The loop forces the NSLayoutManager to force layout of the text in the 
NSTextStorage, which ends up calling the delegate to add new 
NSTextStorage/NSTextView objects as necessary. (There is always one present no 
matter what.) I can't use fast enumeration here because the text containers 
that contain all pages beyond the first aren't guaranteed to exist until layout 
is first performed.

I added this loop to try and shrink the text container if the used rect is 
greater than the container size, since a larger used rect means text is being 
cut off at the bottom of the container. It works, but instead of sending the 
cut-off line to the next text container as I expected would happen, it places 
the line out of sight so it will never be seen or printed. This happens 
careless of whether I shrink the text storage with container height tracking 
off, or the text view with container height tracking on.

Of course, if there is a better way of using the Cocoa text system to layout 
multiple non-contiguous pages of text with margins, I'd like to hear about it. 
Maybe it'll even solve the problem I'm having.

>> what happens is the layout manager keeps the last line in the text container 
>> where it will not be drawn. It will not move the last line to the next 
>> container unless I resize the text container to be two pixels smaller than 
>> needed, which results in text getting partially cut off later in the 
>> document.
> 
> You're saying that if you decrease the height of text container (N), forcing 
> the last line onward, you see drawing artifacts in container (N + 1)? Can you 
> post a screenshot?

I'll do better: I'll post PDFs. Here is what the text looks like without the 
resizing loop (all containers have exactly the same height): 
<http://dl.dropbox.com/u/13168713/Text%20cut-off.pdf>

The text on page 1 is being cut off at the bottom, and it's not just the 
descneders. Here is the output with the loop in place: 
<http://dl.dropbox.com/u/13168713/Invisible%20lines.pdf>

Notice how the last line on page 1 disappeared entirely.

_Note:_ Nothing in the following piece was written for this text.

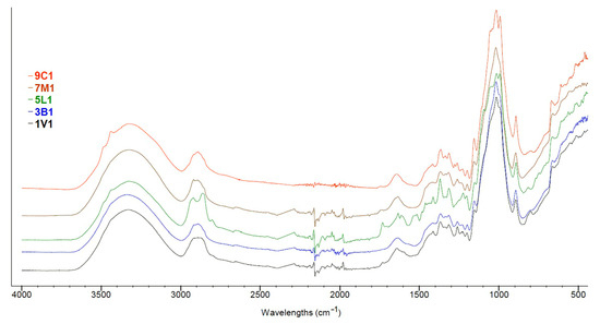 No significant differences were found between the spectra obtained from different parts of the same samples. Therefore, the spectra of each examined regenerated cellulose fiber (samples 1V1-10C2) were compared with one another, and selected examples are presented in Figure 3.

When I shrink the text container by two pixels, the last line on page 1 gets 
bounced to page 2, but now descenders on both the first and second pages are 
being cut off at the bottom: 
<http://dl.dropbox.com/u/13168713/Descenders%20cut-off.pdf>

> Honestly this sounds unusual- do you have any other modifications at work? 
> Also, at what point are you running this loop where you modify the text 
> container heights? You're not doing it from a layout delegate method are you? 
> NSLayoutManager is quite finicky about that (or at least it used to be).


The code adds containers & views from a layout delegate, and gives them an 
initial size, but doesn't resize them.